Chinese-American writer and civil-rights lawyer

Qian Julie Wang (王乾) is a Chinese-American writer and civil rights lawyer.

== Early life ==
Qian Wang was born in Shijiazhuang, China to academic parents. Wang's mother was a professor of mathematics, while Wang's father was a professor of English and critic of the government, which led to the family being persecuted. Wang's father fled China to the United States when she was five; Wang and her mother followed two years later in 1994. After their temporary visas expired, the Wang family remained in the United States as undocumented immigrants in Brooklyn.

Wang's father enrolled her at P.S. 124 in Chinatown, but few of her classmates and teachers spoke Mandarin Chinese, thus isolating her even within a seemingly familiar community. Unable to speak English or Cantonese, Wang was initially placed in a special-needs classroom, but was returned to mainstream instruction after she was observed teaching herself to read English through picture books. After school, Wang worked alongside her mother in clothing sweatshops and a sushi processing plant.

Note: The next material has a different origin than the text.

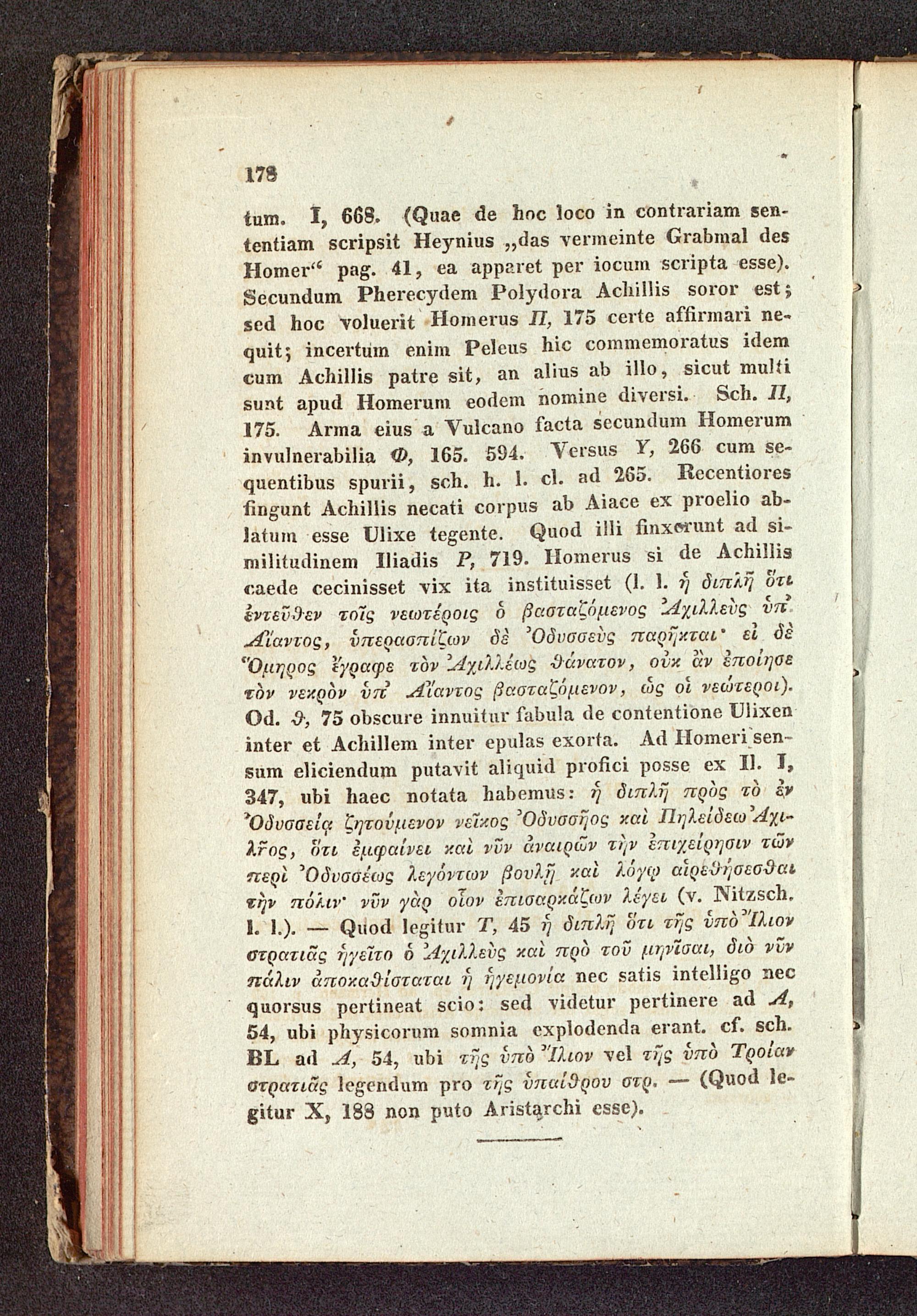 tum. I, 668.( Quae de hoc loco in contrariam sen-tentiam scripsit Heynius ,, das vermeinte Grabmal desHomer" pag. 41, ea apparet per iocum scripta esse).Secundum Pherecydem Polydora Achillis soror est;sed hoc voluerit Homerus II, 175 certe affirmari ne-quit; incertum enim Peleus hic commemoratus idemcum Achillis patre sit, an alius ab illo, sicut multisunt apud Homerum eodem nomine diversi. Sch. II,175. Arma eius a Vulcano facta secundum Homeruminvulnerabilia Φ, 165. 594. Versus Y, 266 cum se-quentibus spurii, sch. h. I. cl. ad 265. Recentioresfingunt Achillis necati corpus ab Aiace ex proelio ab-latum esse Ulixe tegente. Quod illi finxerunt ad si-militudinem Iliadis P, 719. Homerus si de Achilliscaede cecinisset vix ita instituisset( 1. 1. ἡ διπλῆ ὅτιἐντεῦθεν τοῖς νεωτέροις ὁ βασταζόμενος Αχιλλεὺς ὑπΑίαντος, ὑπερασπίζων δὲ Ὀδυσσεὺς παρῆκται · εἰ δὲὍμηρος ἔγραφε τὸν ᾿Αχιλλέως θάνατον, οὐκ ἂν ἐποίησετὸν νεκρὸν ὑπ᾿ Αἴαντος βασταζόμενον, ὡς οἱ νεώτεροι).Od. 9, 75 obscure innuitur fabula de contentione Ulixen-inter et Achillem inter epulas exorta. Ad Homeri sen-sum eliciendum putavit aliquid profici posse ex Il. I,347, ubi haec notata habemus: ἡ διπλῆ πρὸς τὸ ἐνΟδυσσείᾳ ζητούμενον νεῖκος Ὀδυσσῆος καὶ Πηλείδεω Αχιλος, ὅτι ἐμφαίνει καὶ νῦν ἀναιρῶν τὴν ἐπιχείρησιν τῶνπερὶ Ὀδυσσέως λεγόντων βουλῇ καὶ λόγῳ αἱρεθήσεσθαιτὴν πόλιν · νῦν γὰρ οἷον ἐπισαρκάζων λέγει( v. Witzsch.Quod legitur T, 45 ἡ διπλῆ ὅτι τῆς ὑπὸ Ἴλιονστρατιᾶς ἡγεῖτο ὁ ᾿Αχιλλεὺς καὶ πρὸ τοῦ μηνῖσαι, διὸ νῦνπάλιν ἀποκαθίσταται ἡ ἡγεμονία nec satis intelligo necquorsus pertineat scio: sed videtur pertinere ad A,54, ubi physicorum somnia explodenda erant. cf. sch.BL ad 4, 54, ubi τῆς ὑπὸ Ἴλιον vel τῆς ὑπὸ Τροίανστρατιᾶς legendum pro τῆς ὑπαίθρου στρ.-( Quod lemgitur X, 183 non puto Aristarchi esse).

Wang's early talent for writing was mistaken as plagiarism by an elementary school teacher, prompting her to deliberately hide her abilities throughout much of her primary education. After several years in the US, Wang and her mother emigrated to Canada, in anticipation of better prospects, and her father followed sometime thereafter. Wang returned to the United States to attend Swarthmore College.

Her upbringing in poverty in America is the subject of Wang's breakout memoir Beautiful Country.

== Career ==
After graduating from Swarthmore College with a Bachelor of Arts in English Literature, Wang earned her Juris Doctor (J.D.) from Yale Law School in 2012. She worked as an associate at Kirkland & Ellis and as an appellate litigator within the New York City Law Department before moving to Robins Kaplan, where she was elected to partnership within two years of joining the firm.

Wang declined Robins Kaplan's offer of partnership and currently serves as managing director/partner of Gottlieb & Wang LLP, a law firm focusing on special needs children and civil rights impact litigation. She decided to start writing her memoir, Beautiful Country, in the wake of the 2016 US election of Donald Trump as president of the United States. She had been a naturalized American citizen for six months by this time.

Wang wrote the book on her phone during her commute to her law offices, finishing a first draft in 2019 and publishing in 2021. She is working on a second book inspired by her experiences as an Asian-American working in corporate law.

== Personal life ==
Wang chose the Anglicised name "Julie" because of Asian-American puppet "Julie Woo" on The Puzzle Place.

Wang converted to Judaism, founding and leading a Jews of Color group at Manhattan Central Synagogue; on the day her debut memoir was released, Wang delivered a lay sermon to the congregation at Rosh Hashanah services. Wang is married, and she gave birth to a daughter in October 2023.